## ASSIGNMENT
Please set down the lines of the listing exactly, from its first line to the line with "A 5x8 rectangular", leaving the pictures out.

## DATA PROVIDED
*** Begin section ***

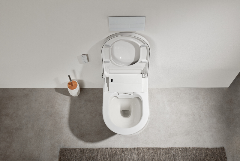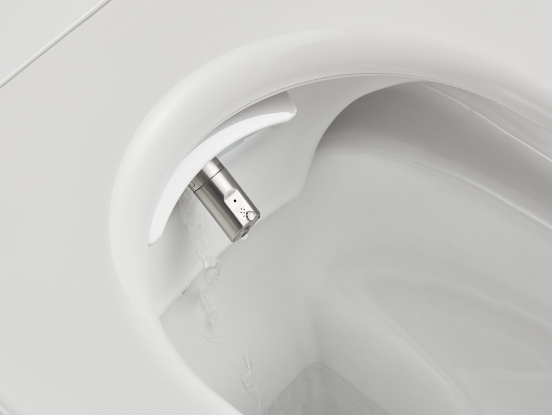 Šetrně čistí teplou vodou jemnými pohyby vpřed a vzad. Intenzitu proudu i teplotu si lze přizpůsobit podle potřeby. Tryska se automaticky čistí před a po každém použití, v klidovém stavu je bezpečně ukryta v sedátku. Pro ruční údržbu ji lze jednoduše vyjmout.
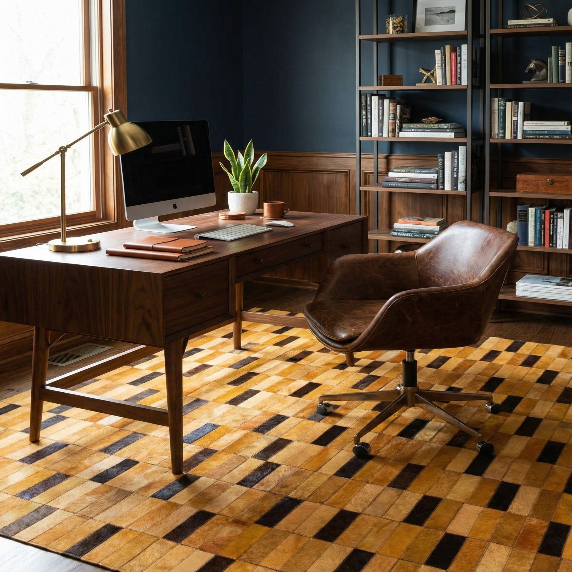A 5x8 rectangular Cowhide Patchwork rug featuring a modern pattern of alternating yellow/gold and dark brown rectangular patches.
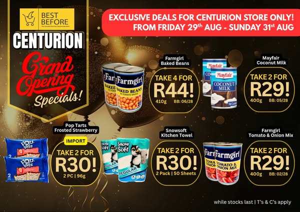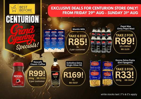 2 DAYS TO GO FOR BEST BEFORE CENTURION GRAND OPENING!!!! 🤩💥💃🏼🤩💥💃🏼 TAKE A LOOK AT THESE SPECIALS WITH MANY MORE TO BE SEEN IN-STORE!!! 🥳🥳🥳🥳
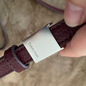 Lovely brown/maroon bag from Calvin Klein, with adjustable strap. Lightly used, in great condition! Just has a mark on the corner of the bag as seen in the photo, but its not very noticeable.

*** End section ***

## FINAL ANSWER
 Šetrně čistí teplou vodou jemnými pohyby vpřed a vzad. Intenzitu proudu i teplotu si lze přizpůsobit podle potřeby. Tryska se automaticky čistí před a po každém použití, v klidovém stavu je bezpečně ukryta v sedátku. Pro ruční údržbu ji lze jednoduše vyjmout.
A 5x8 rectangular Cowhide Patchwork rug featuring a modern pattern of alternating yellow/gold and dark brown rectangular patches.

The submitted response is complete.